Graphic designer Osheyi Adebayo’s output is impressive, to say the least. We last checked in with him around this time last year where his portfolio of school text book-inspired designs was already jam-packed. Since then, the London-based designer has been tirelessly producing posters on a daily basis, uploading them to his Instagram account.
“I try to post posters daily as a way of consistently developing my design skills and style,” Osheyi tells It’s Nice That, “I always try to evolve it into something unknown.” Starting with a letter or a word, Osheyi then chooses a font, rearranging letters until something sparks an idea. These ideas are incredibly varied, ranging from illustrative work combining form and colour to purely typographic visualisation. “As I tend to change and adapt to new things, I find that with every poster I make, I learn something new about myself,” he explains.
Although helping Osheyi develop his own personal experiments, this process also impacts his freelance work. The colourful, textural images that appear regularly on his Instagram are echoed in his series of posters for Mexican music venue Where House, for example. “A lot of the time, I get a sudden ‘style redirection’ where new patterns form from a collection of my subconscious pickings,” he explains.
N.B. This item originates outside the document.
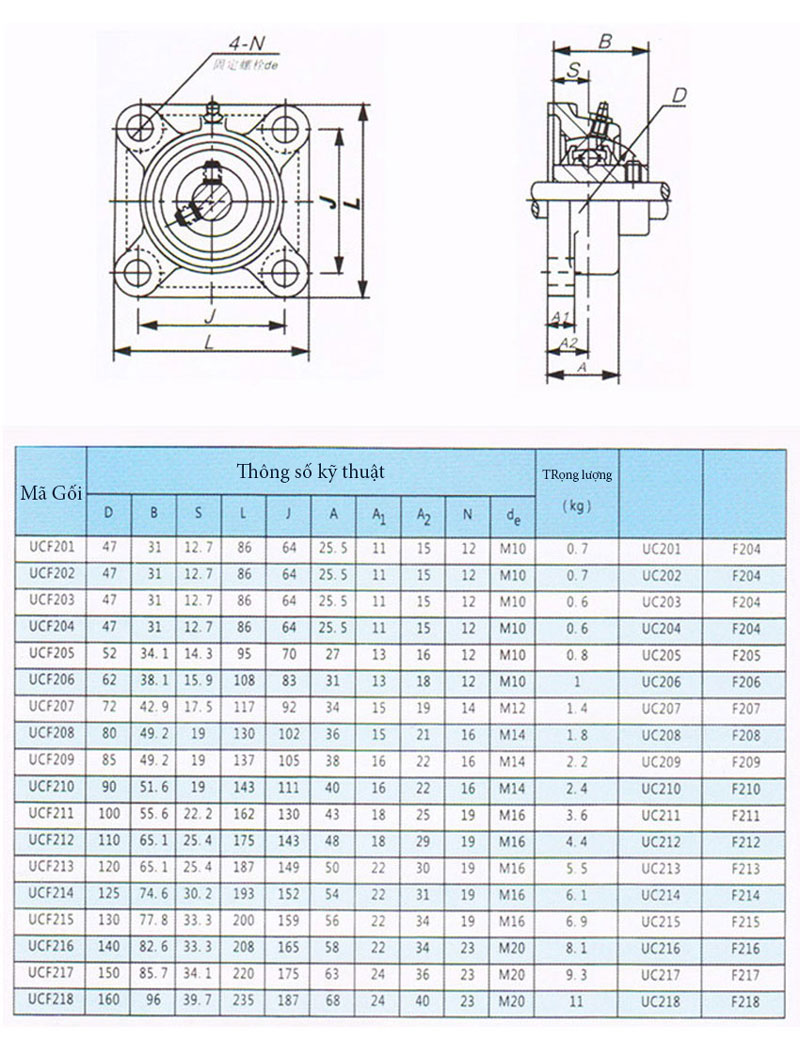Vật liệu: Gối đỡ Vỏ Nhựa + Bi UC inox 304

“I like to describe my designs a being earthy, a bit ‘off’,” Osheyi responds when questioned about his distinctive aesthetic. Whether working towards publications such as Olympian Bodies or on his trademark posters, there’s visual succinctness to Osheyi’s portfolio, full of drop shadows and bold lettering. Often making use of unusual and grainy colour combinations, his work emits a feeling of “aged digital sentimentality”, borrowing from the over the top aesthetic of 80s and 90s television idents.